Google Groups no longer supports new Usenet posts or subscriptions. Historical content remains viewable.
Dismiss

python 3: sorting with a comparison function

1 view
Skip to first unread message

Thomas Heller

unread,
Oct 9, 2008, 3:32:09 PM10/9/08
to
Does Python 3 have no way anymore to sort with a comparison function?

Both [].sort() and sorted() seem to accept only 'key' and 'reverse' arguments,
the 'cmp' argument seems to be gone. Can that be?

Thomas

bearoph...@lycos.com

unread,
Oct 9, 2008, 4:36:58 PM10/9/08
to
Thomas Heller:

> the 'cmp' argument seems to be gone. Can that be?

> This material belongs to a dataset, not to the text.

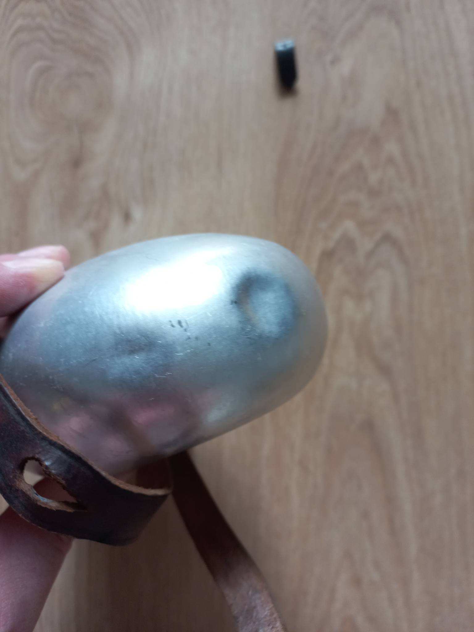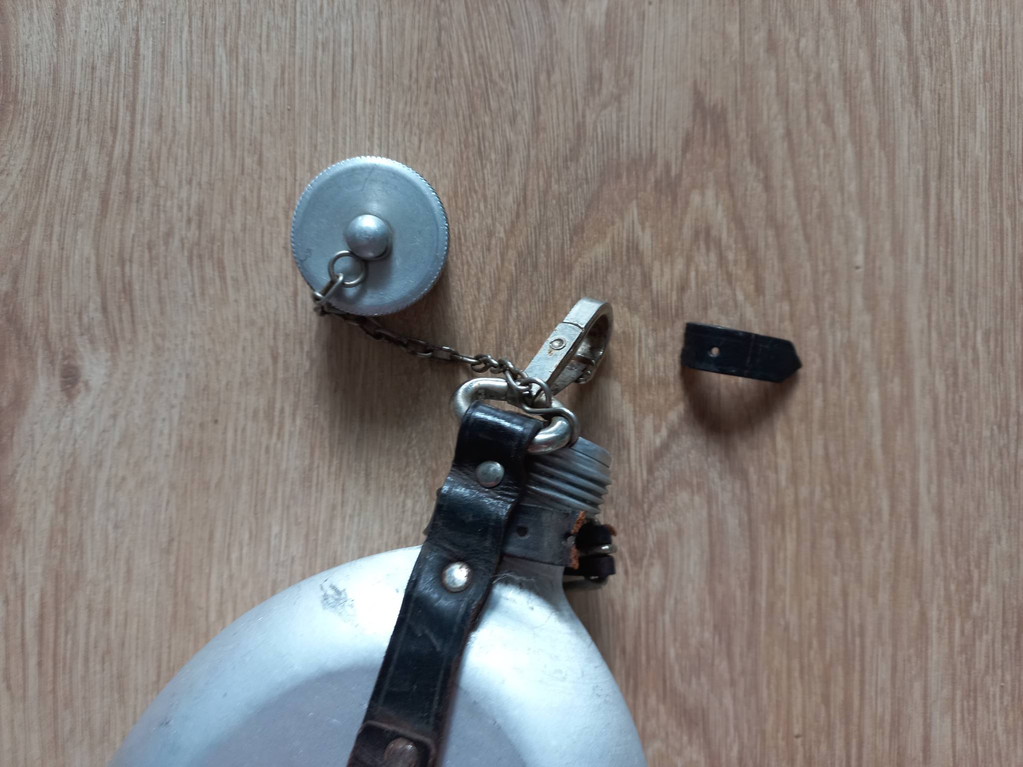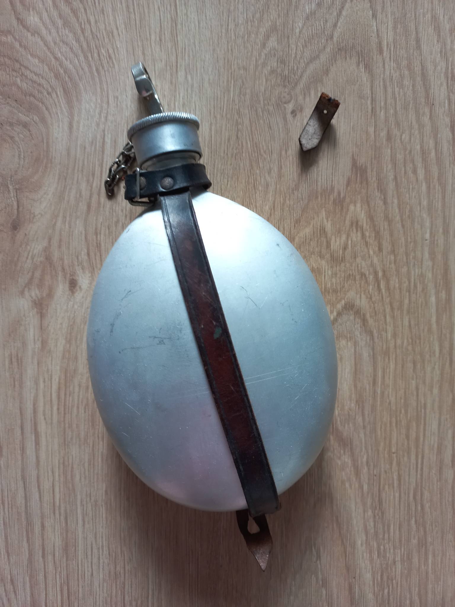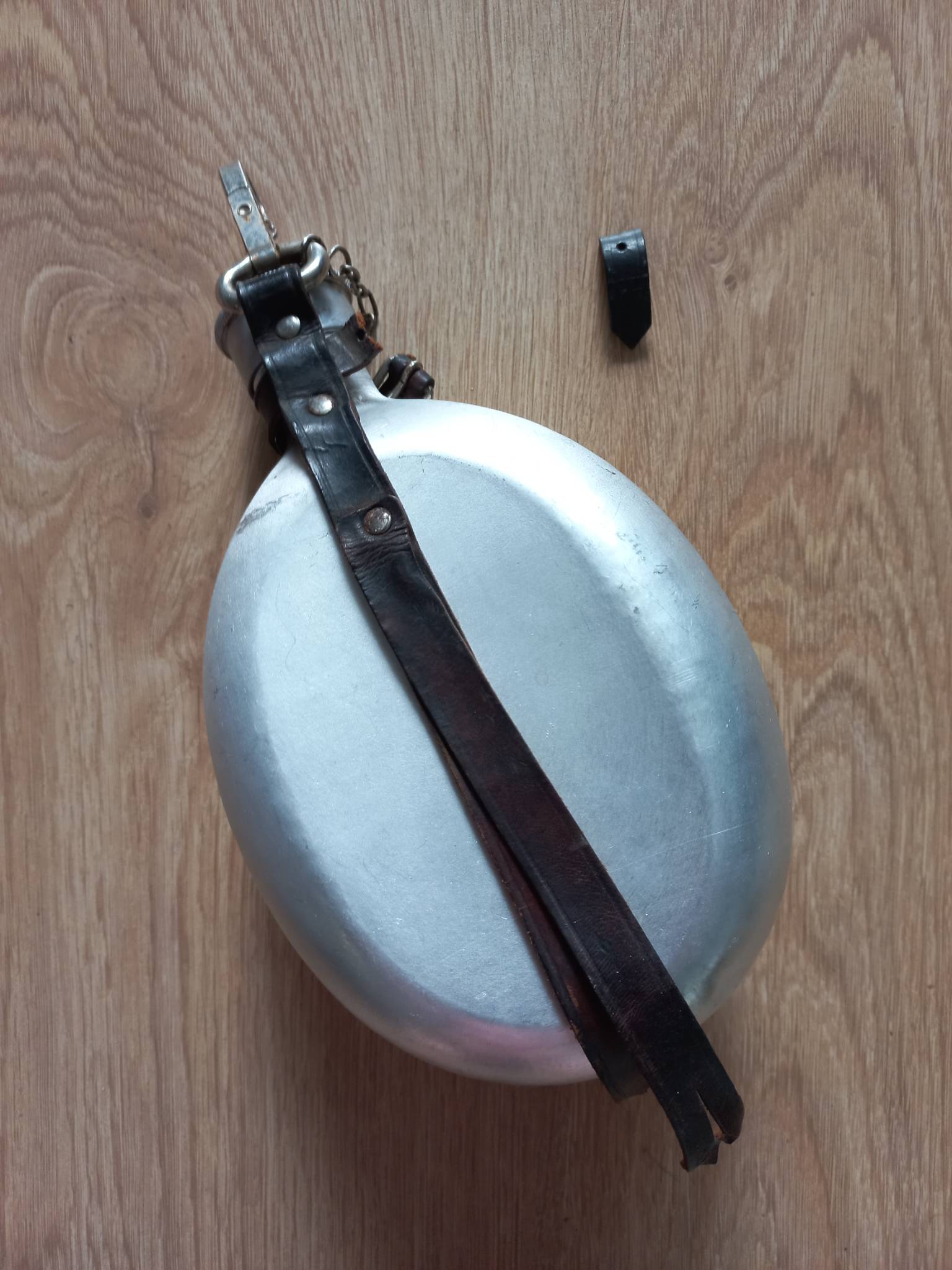 Скоріше за все, післявоєнна фляга. Колба в дуже хорошому стані, лише одна вм'ятинка. Шкіра пересохла. Клейм нема.

Yes, that's a wonderful thing, because from the code I see around
99.9% of people see the cmp and just use it, totally ignoring the
presence of the 'key' argument, that allows better and shorter
solutions of the sorting problem. So removing the cmp is the only way
to rub the nose of programmers on the right solution, and it goes well
with the Python "There should be one-- and preferably only one --
obvious way to do it.".

For most of very uncommon situations where key isn't the right thing,
you can use this code by Hettinger:

def cmp2key(mycmp):
"Converts a cmp= function into a key= function"
class K:
def __init__(self, obj, *args):
self.obj = obj
def __cmp__(self, other):
return mycmp(self.obj, other.obj)
return K
s.sort(key=cmp2key(lambda p, q: cmp(p.lower(), q.lower())))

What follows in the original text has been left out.